Статья представляет собой рецензию на книгу А. Ю. Коробова-Латынцева «Философ и война. О русской военной философии». Автор исследования поставил цель проследить путь на войне русских философов и показать, как участие в боевых действиях или наблюдение за ними повлияли на их мировоззренческие взгляды. В книге акцентируется внимание на эволюции взглядов русских философов на войну, показано, как под воздействием вооруженного насилия они приходили к выводам о необходимости нравственного оправдания участия человека в войне ради защиты Родины. Автор подводит читателя к выводу, что для русских философов, живших и творивших во времена серьезных потрясений, размышление и борьба часто являлись двумя сторонами единой жизни, а размышление о судьбе России одновременно становилось интеллектуальной борьбой за право независимого существования русской культуры. Большим достоинством монографии является ее полемический стиль, с помощью которого автор призывает современных российских интеллектуалов пересмотреть нейтральное отношение к отечественной военной философии.
Ключевые слова: философия, русская философия, этика, война, философия войны, милитаризм, пацифизм, А. Ю. Коробов-Латынцев.
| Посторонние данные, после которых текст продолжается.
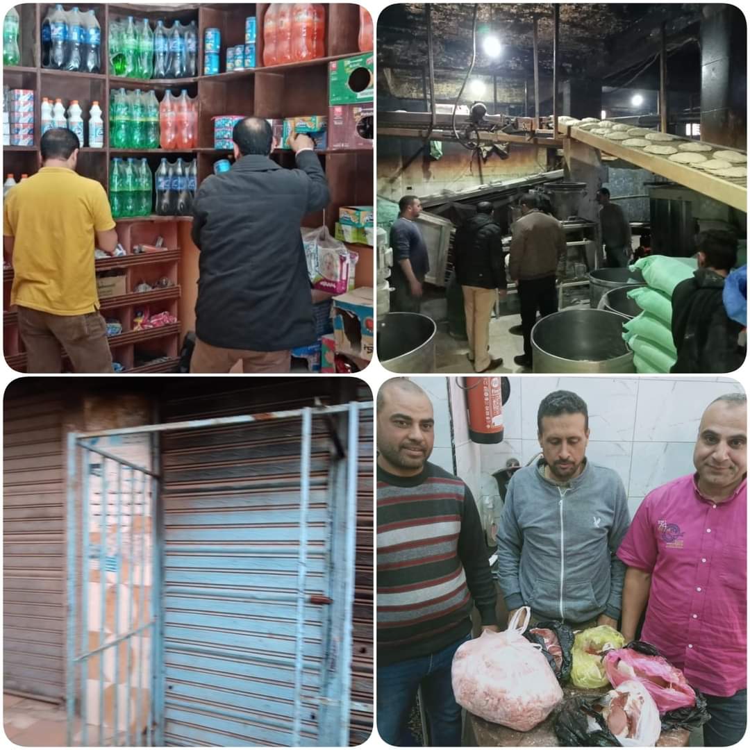 وفى مركز بدر تم تحرير 3محاضر عرض لحوم مكشوفة وعرضه للتلوث وتم التحفظ على كمية من اللحوم غير صالحة للاستهلاك الادمي وكذا تحرير محضرين بيع سجاير بأزيد من السعر الرسمي ومخبز بلدي قام بإنتاج خبز غير مطابق للمواصفات و3 مخابز غير معلنة عن مواعيد العمل.

The paper is a review of Andrey Korobov-Latyntsev’s book “Philosopher and War. On Russian military philosophy”. The author sets the goal of tracing the path of Russian philosophers during the war times and showing how participation in hostilities, or observation of them, influenced their worldviews. The book focuses on the evolution of the Russian philosophers’ views on war, shows how under the influence of armed violence they came to the conclusion about the need for a moral justification for a person's participation in war in order to defend the motherland. The author leads the reader to the conclusion that for the Russian philosophers who lived and worked during the times of dramatic upheavals, the reflection and struggle were often two sides of their life, and thinking about the fate of Russia simultaneously became an intellectual struggle for the right of independent existence of Russian culture. The great merit of the book is its polemical style, with the help of which the author calls on contemporary Russian intellectuals to reconsider their neutral attitude to Russian military philosophy.
Keywords: philosophy, Russian philosophy, ethics, war, philosophy of war, militarism, pacifism, Andrey Korobov-Latyntsev.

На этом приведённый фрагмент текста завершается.